Church Closed in Egypt after Muslim Mob Frightens Children in Sunday School

Another worship building shuttered over ‘sectarian tensions.’

El-Arif Mosque in Sohag, Egypt. (Wikipedia, Roland Unger).

El-Arif Mosque in Sohag, Egypt. (Wikipedia, Roland Unger).

CAIRO, Egypt (Morning Star News) – A Coptic church in Upper Egypt is closed after a throng of angry Muslims attacked it this month, beating a priest and another Copt as more than 200 fearful children who had gathered for Bible lessons looked on, according to advocacy groups.

One of the injured Copts, Asaad Bakheet Rezek, told a Coptic TV (CTV) that a Muslim about 17 years old beat one of the priests with a club as security forces led him from the Anba Karas Church building in Naga al-Ghafir, Sohag Governorate in southern Egypt.

The priest, identified as Father Basilious, sustained a minor head injury as security forces escorted him and another priest into an armored vehicle after the chanting mob tried to enter the building, Rezek said, adding that the children were terrified by the club- and knife-wielding crowds as they shouted, cursed and pelted the building with rocks.

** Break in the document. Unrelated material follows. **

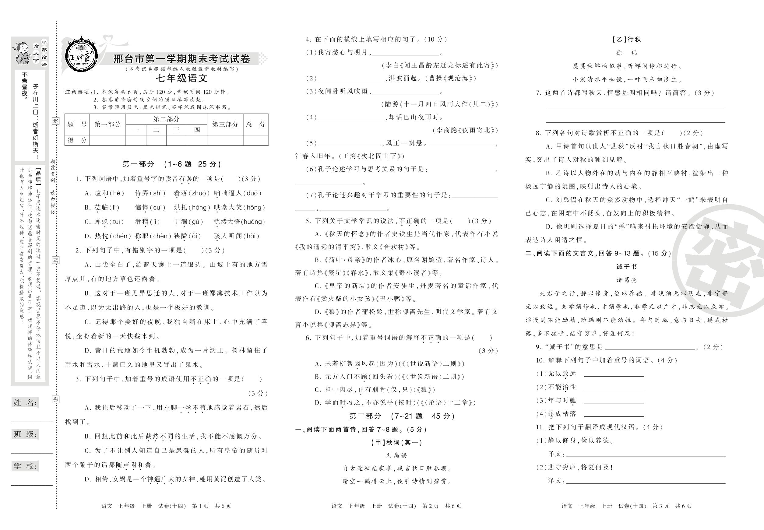 2016-2017学年第一学期邢台市七年级语文试卷(人教版)【14】

The village mayor had gone to the church premises the previous day, angry at construction underway for a fourth floor to a building annex, according to advocacy groups Coptic Solidarity and the Egyptian Initiative for Personal Rights (EIPR).

The mayor accused the Christians of “treason” for the add-on. He started shouting to neighbors to take action against the church and left, later submitting a notice at the city council complaining about the construction, according to the groups. The city council immediately arrived, stopped the work and confiscated building materials, including the cement and the reinforced steel.

The next day at 4 p.m., dozens of angry demonstrators tried to enter the church premises but were unable to get through a steel door. Carrying clubs and knives, they started shouting, cursing and pelting the building with rocks, according to Coptic Solidarity.

Additional forces arrived, and Father Basilious was struck as he and another priest were escorted off the premises. Parents and church leaders were not able to move the 200 children away from the angry, chanting villagers until security forces dispersed the crowds. Though police witnessed the beating of the priest, no arrests were made.

Both Father Basilious and Father Bakhoum were taken for questioning into the evening hours.

Police issued an indefinite closure order, pending investigations, and froze all activities of the 10-year-old church, including the its daycare and the Sunday School.

The church, which held worship services every Wednesday, Friday and Sunday, was the only one serving a Christian population of about 1,300 in Naga al-Ghafir village, the rights groups said. There had been no prior trouble with Muslim neighbors.

“The Egyptian Initiative for Personal Rights condemns the closure of the Anba Karas Church in Naga al-Ghafir,” an EIPR statement read. “The church was shuttered after dozens of Muslim residents of the village surrounded the church and chanted hostile slogans against Copts; a Christian cleric and another citizen were injured after being assaulted with sticks.”

The EIPR stated that the right of worship, individually or collectively, whether in a church building, home, or other building, is a fundamental right upheld by the Egyptian constitution and international human rights conventions ratified by Egypt.

“This right is not contingent on the will of the majority,” the EIPR noted.

The church was issued a permit four years ago as an association for religious activities, prayers and social services. Two years ago the church bought an adjacent 75-square meter plot and annexed a structure to the older building after submitting all payments and paperwork to authorities.

The second and third floors were built two months ago, and there were no problems until the construction of the fourth floor began.

“The EIPR condemns the practice of security agencies closing down churches in which worship services are regularly held, on the grounds that they are not officially licensed,” the EIPR statement reads. “This violates Article 8 of Law 80/2016 on the construction of churches, which provides for the continued functioning of churches and religious buildings even in the absence of the necessary permits or failure to meet the conditions for legal status. It also contradicts a letter sent by the head of the construction and public relations sector in the Ministry of Housing on Jan. 6, 2018 to Father Mikhail Anton, the representative of the Orthodox Coptic confession on the church regularization committee.”

The housing ministry official stated that 14 governorates had been instructed not to suspend any worship services in churches that had filed their applications for status with the governorate regularization committees, according to the EIPR statement.

The EIPR has documented 32 incidents of sectarian tension and violence since the church construction law went into effect, all of them associated with worship. Interventions by various state institutions in this period led to the closure of 22 churches and the prohibition of collective worship within them, it stated.

Egypt ranked 16th on Christian support organization Open Doors’ 2019 World Watch List of countries where it is most difficult to be a Christian.